Внезапно земля затряслась и какая-то огромная масса опустилась поверх сферы прямо перед Фелисин. Плечо этого зверя достигало практически трех размахов рук. Через минуту чудовище взревело и убралось восвояси.

– Твари! Они просто заполонили эту пустыню. Однако не бойтесь – никто не способен повлиять на мои заклинания. Можете чувствовать себя прямо как дома.

«Спокойна, я очень спокойна. Наконец-то мы в безопасности. Ничто не может добраться...»

В этот момент когти длиной с палец разорвали мерцающую стену шара; яростный рев ворвался внутрь и затряс воздух.

Навахл рванул вперед с удивительной скоростью.

– Назад, проклятое отродье! Прочь! Всему свое время. Девушка поморщилась. «Всему свое время?»

Сфера разгорелась ярче, и брешь в стене пропала. Существо снаружи заревело вновь, и в этот момент всем стало по-настоящему страшно. Когти разорвали еще одно отверстие, которое, впрочем, моментально затянулось. Огромное тело бросилось на барьер, отпрыгнуло, а затем ринулось вновь.

– Мы в безопасности! – кричал Навахл, чье лицо потемнело от ярости. – Сколь бы ни был упрям неприятель, он не сможет сюда попасть. Однако как же мы сможем спать при таком шуме!

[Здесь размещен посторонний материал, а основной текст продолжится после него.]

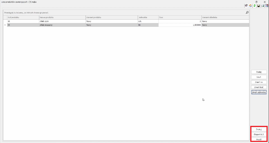 Podobnie jak inne ekrany również ten możemy eksportować do pliku XLS lub wydrukować listę produktów.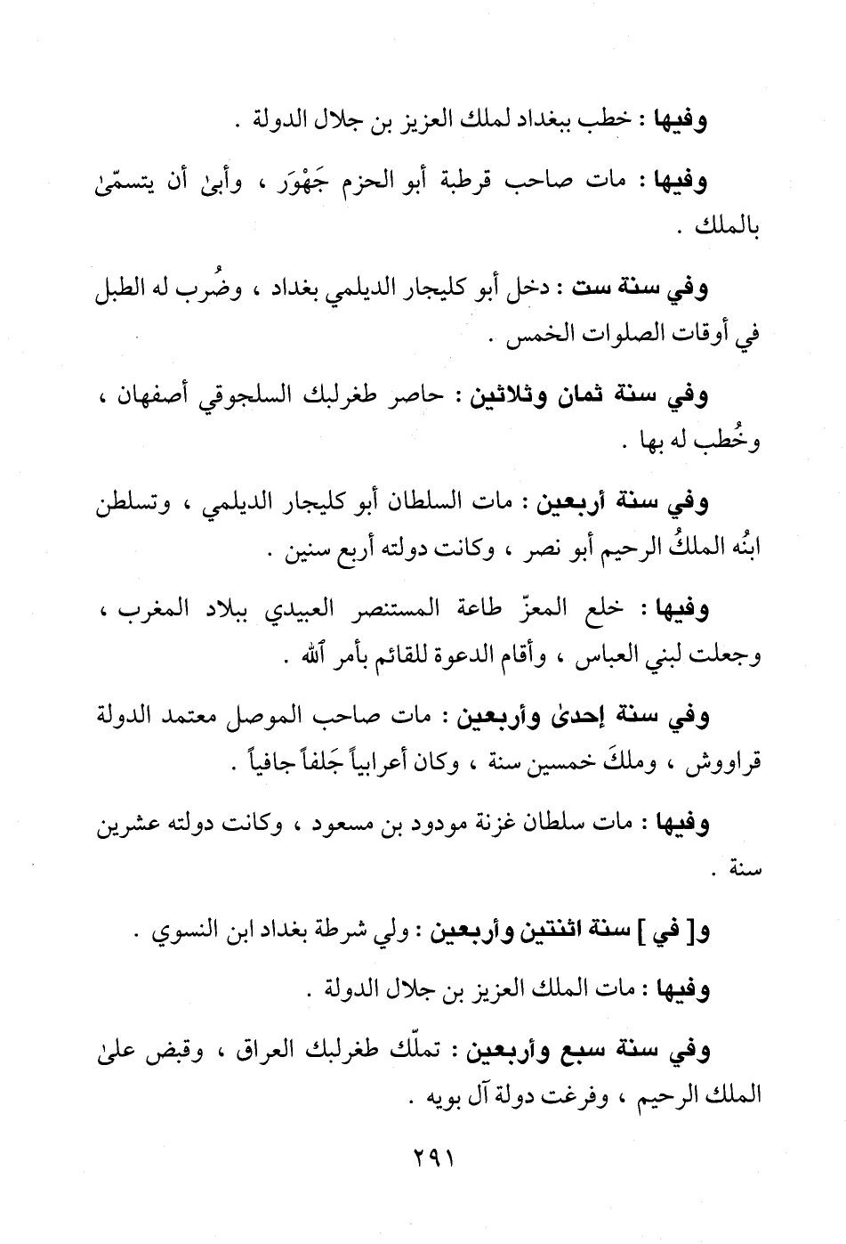 وفيها: خطب ببغداد لملك العزيز بن جلال الدولة.

Кульп подошел к купцу, и тот безотчетно попятился. Маг обернулся и встал лицом к лицу с назойливым гостем.

– Это Сольтакен, – произнес маг, – причем довольно сильный...

С того места, где сидела Фелисин, произошедшие вслед за этим события показались единым непрерывным потоком, не лишенным изящества. Как только Кульп повернулся спиной к купцу,

Навахл просто пропал под своим шелковым одеянием, а его кожа превратилась в блестящую черную шерсть. Резкая острая вонь подавила аромат лимона, словно горячий порыв ветра. Крысы, словно черная река, хлынули вперед.

Гебориец выкрикнул предостережение, однако оказалось уже слишком поздно. Крысы поглотили Кульпа, словно бурлящее покрывало. Их было несколько сотен.

Крик мага оказался практически не слышен. Его поглотила огромная меховая волна. Мгновение спустя чудовище напряглось, и Кульп, шепча проклятья, не выдержав, упал на землю.

Четверо носильщиков стояли в стороне и наблюдали.

Гебориец бросился в несметную массу крыс, его призрачные руки превратились в мерцающие рукавицы – одна в желтовато-зеленую, другая в ржаво-коричневую. Крысы дрогнули и отступили прочь. Каждая мелкая тварь, до которой он дотрагивался, превращалась в обугленный кусок плоти и костей. Животные разбегались в разные стороны, запрыгивая друг другу на спины, толкаясь и скрипя. Черный ковер покрыл поверхность песка.

Наконец то место, где лежал Кульп, стало абсолютно чистым. Фелисин увидела блеск влажных костей и лохмотья, оставшиеся от плаща. Девушка никак не могла постичь произошедшее.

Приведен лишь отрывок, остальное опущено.